- [Problem description]: Copy each record exactly as it reads, leaving out any pictures it holds.

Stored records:
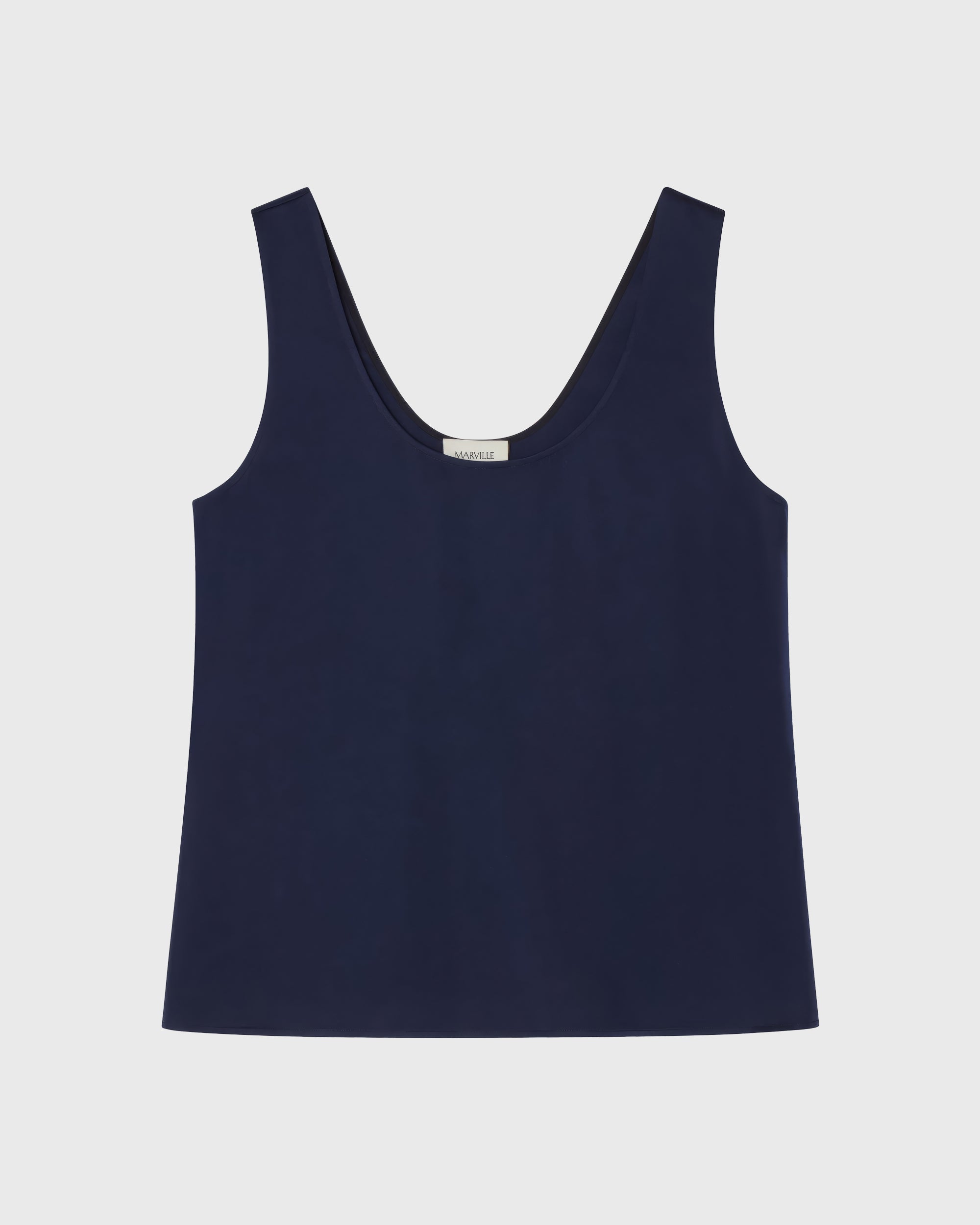 The Scala Satin Tank Top is a round-neck, sleeveless tank top in satin stretch. Designed with a timeless silhouette and a smooth, fluid feel, it’s a refined wardrobe staple that works effortlessly from day to evening.
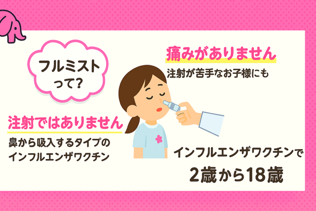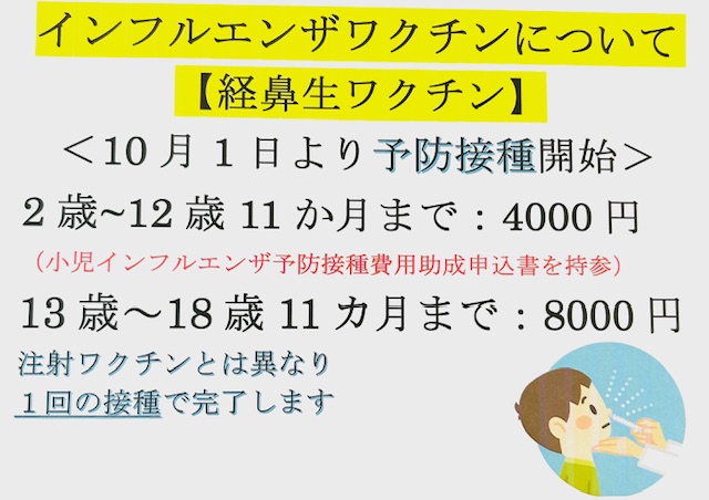 対象は2歳〜18歳まで 8,000円 (税込)・経鼻生ワクチン(フルミスト) 1回接種で完了です。
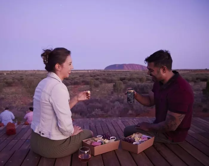 Med australiskt vin i glaset och en läcker, lätt måltid på tallriken kan du luta dig tillbaka och njuta av den imponerande uppvisningen som är på väg att börja. En kombination av drönare och laserljus ger tillsammans liv åt historien om det gamla malafolket i en modern berättelse under den stjärnklara himlen. Medan du lyssnar på traditionell dansmusik och berättelser på pitjantjatjara kan du känna en djup samhörighet med det australiska landskapet och dess rika kulturella arv. Det är en upplevelse som är svår att beskriva, men som gör ett stort intryck.
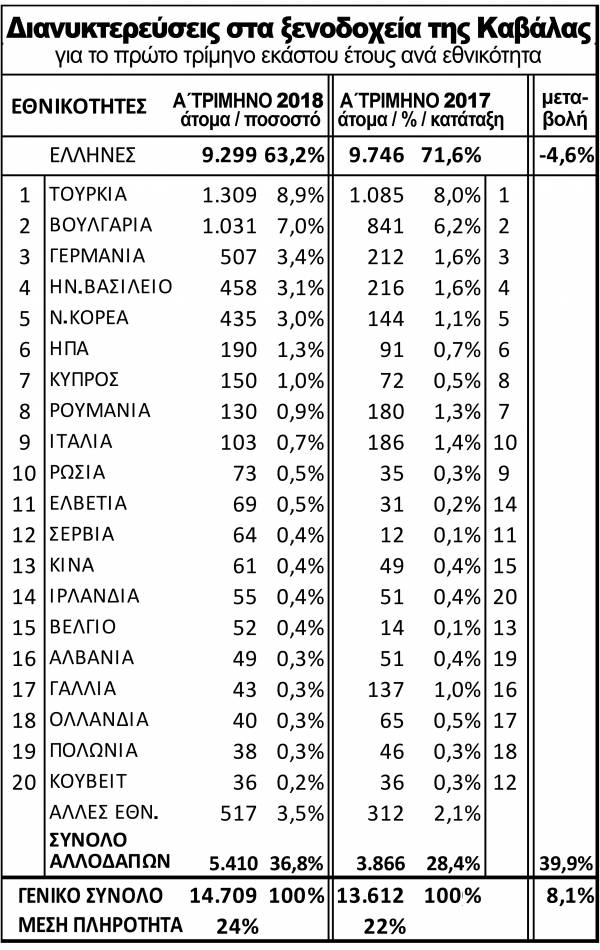 Οι φετινοί επισκέπτες του Α΄τριμήνου στην Καβάλα ήταν αυξημένοι κατά 1.100 άτομα περίπου σε σχέση με την αντίστοιχη περίοδο πέρυσι, ή κατά ποσοστό της τάξης του 8%. Αυτό που άλλαξε ήταν το μείγμα Ελλήνων – αλλοδαπών, με τους δεύτερους να παρουσιάζουν αύξηση της τάξης του 40%.
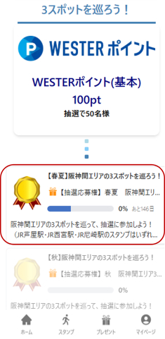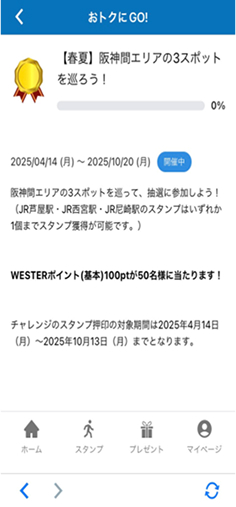 - WESTERアプリよりICOCA利用によるスタンプの付与が完了した旨のプッシュ通知が送られますのでご確認いただき、本スタンプラリーのホーム画面にアクセスください。
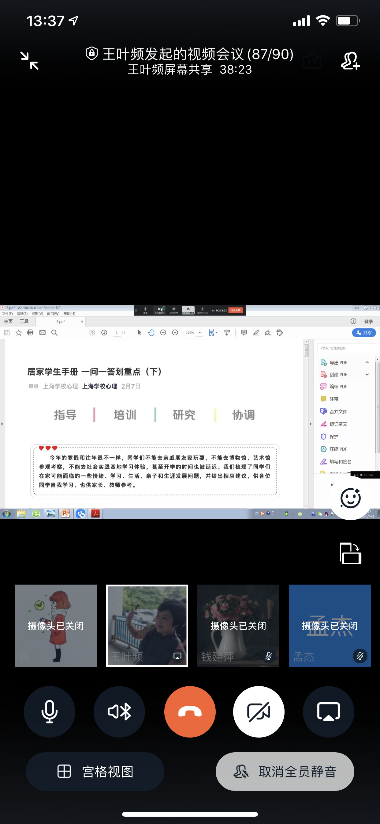 最后王校长带领全体班主任对近期上级下发的部分文件进行解读:《中小学和幼儿园新冠防控指南》、《居家手册》、《中小学生防控心理调适手册》,让班主任明晰学生居家期间的班主任职责,以及班级学生心理排摸、心理疏导小技巧,并通过组织班主任开展案例分析题和情境问答题等形式完成网上作业跟帖,共享教育智慧。
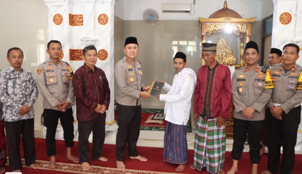 Dalam Safari Jum’at Kapolres Banyuasin AKBP Ruri Prastowo menyampaikan imbauan Cooling System Pilkada Damai dan Bahaya Narkoba serta memberikan tali asih kepada Pengurus Masjid Al Mu’min.
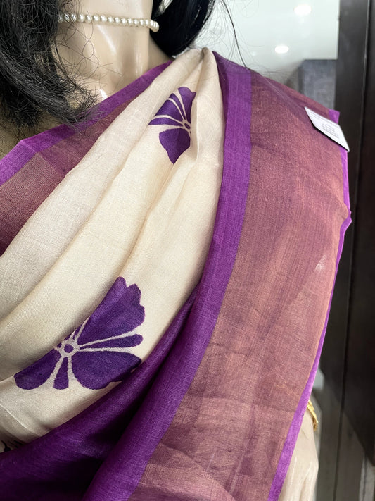 SP24A114 White Purple Pure Block Print Tussar Silk Saree

- [Written solution]:
 The Scala Satin Tank Top is a round-neck, sleeveless tank top in satin stretch. Designed with a timeless silhouette and a smooth, fluid feel, it’s a refined wardrobe staple that works effortlessly from day to evening.
 対象は2歳〜18歳まで 8,000円 (税込)・経鼻生ワクチン(フルミスト) 1回接種で完了です。
 Med australiskt vin i glaset och en läcker, lätt måltid på tallriken kan du luta dig tillbaka och njuta av den imponerande uppvisningen som är på väg att börja. En kombination av drönare och laserljus ger tillsammans liv åt historien om det gamla malafolket i en modern berättelse under den stjärnklara himlen. Medan du lyssnar på traditionell dansmusik och berättelser på pitjantjatjara kan du känna en djup samhörighet med det australiska landskapet och dess rika kulturella arv. Det är en upplevelse som är svår att beskriva, men som gör ett stort intryck.
 Οι φετινοί επισκέπτες του Α΄τριμήνου στην Καβάλα ήταν αυξημένοι κατά 1.100 άτομα περίπου σε σχέση με την αντίστοιχη περίοδο πέρυσι, ή κατά ποσοστό της τάξης του 8%. Αυτό που άλλαξε ήταν το μείγμα Ελλήνων – αλλοδαπών, με τους δεύτερους να παρουσιάζουν αύξηση της τάξης του 40%.
 - WESTERアプリよりICOCA利用によるスタンプの付与が完了した旨のプッシュ通知が送られますのでご確認いただき、本スタンプラリーのホーム画面にアクセスください。
 最后王校长带领全体班主任对近期上级下发的部分文件进行解读:《中小学和幼儿园新冠防控指南》、《居家手册》、《中小学生防控心理调适手册》,让班主任明晰学生居家期间的班主任职责,以及班级学生心理排摸、心理疏导小技巧,并通过组织班主任开展案例分析题和情境问答题等形式完成网上作业跟帖,共享教育智慧。
 Dalam Safari Jum’at Kapolres Banyuasin AKBP Ruri Prastowo menyampaikan imbauan Cooling System Pilkada Damai dan Bahaya Narkoba serta memberikan tali asih kepada Pengurus Masjid Al Mu’min.
 SP24A114 White Purple Pure Block Print Tussar Silk Saree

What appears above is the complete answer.